About 17 years ago, my husband and I had a 55-gallon aquarium set up with mostly angel fish. We had some kind of floating plant in it. We got the plant from a fish store, although we don't recall now exactly which store we got it at. The plant looked a lot like water sprite/wisteria, but it reproduced by forming tiny baby plants on the ends of the stems. The babies had grew little roots of their own, and would eventually float off and grow into adult plants. It grew rapidly, and required practically no care at all. We'd actually end up discarding some of it, because we had too much.

We'd love to find some more of it, and have consulted both books and local fish stores, but nobody can tell us what it was.

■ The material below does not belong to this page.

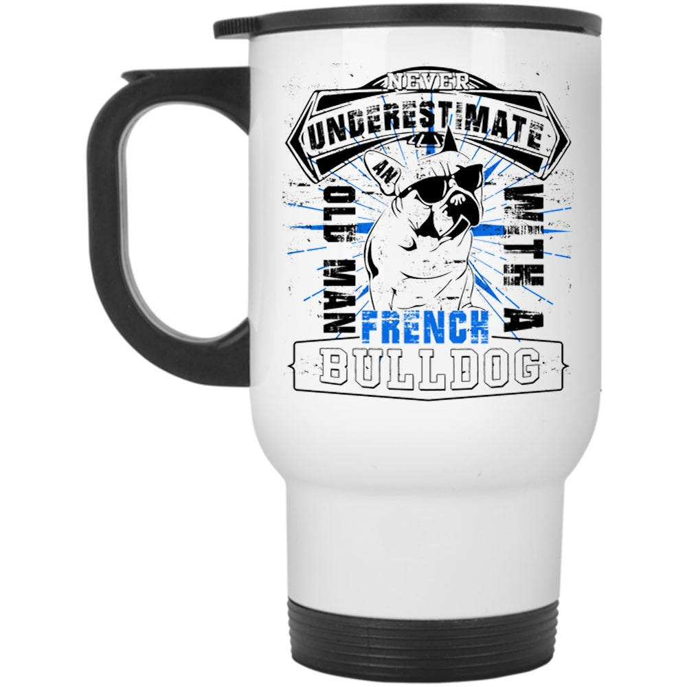 Cute Dogs Travel Mug, Old Man With A French Bull Dog Mug

We've got some water sprite in a current tank, and although the leaves look very, very similar, it doesn't seem to reproduce in the same manner. We're raising guppies, and those "mystery" plants would be ideal for the fry to hide in.

Any ideas?

Thanks in advance!


----------



## HeyPK (Jan 23, 2004)

It sounds like it really is water sprite, which does produce small plantlets on its older leaves. Maybe the plant you have now is not water sprite. Can you provide a picture of the plant you have now? The picture, below, shows small floating plants of two varieties of water sprite. The broad leaved variety is not very common now in the hobby.


----------



## annika (Dec 27, 2008)

Sure! Here's a photo of what we've currently got. The roots on it seem to start midway in the stem, and there aren't any baby plants forming. Maybe it's a different variety?

ETA: We bought these in pots, to be grown underwater. We haven't yet tried floating them.


----------



## Newt (Apr 1, 2004)

Looks like Water Sprite or a variant there of.


----------



## HeyPK (Jan 23, 2004)

Yes, it is a variety of water sprite, and yes, it does reproduce new plantlets on older leaves. I have this variety, too. Maybe tank conditions (light level too low?) are reducing the rate of vegetative reproduction in your plants. If you wait you should get little plants on the older leaves, Perhaps breaking off an older leaf and letting it float will increase the rate of reproduction.


----------



## PLANT^NUT (May 1, 2007)

Yep !! Water sprite. It can be very prolific and hard to get rid of. This is due to its ability to reproduce like a cut up star fish.


----------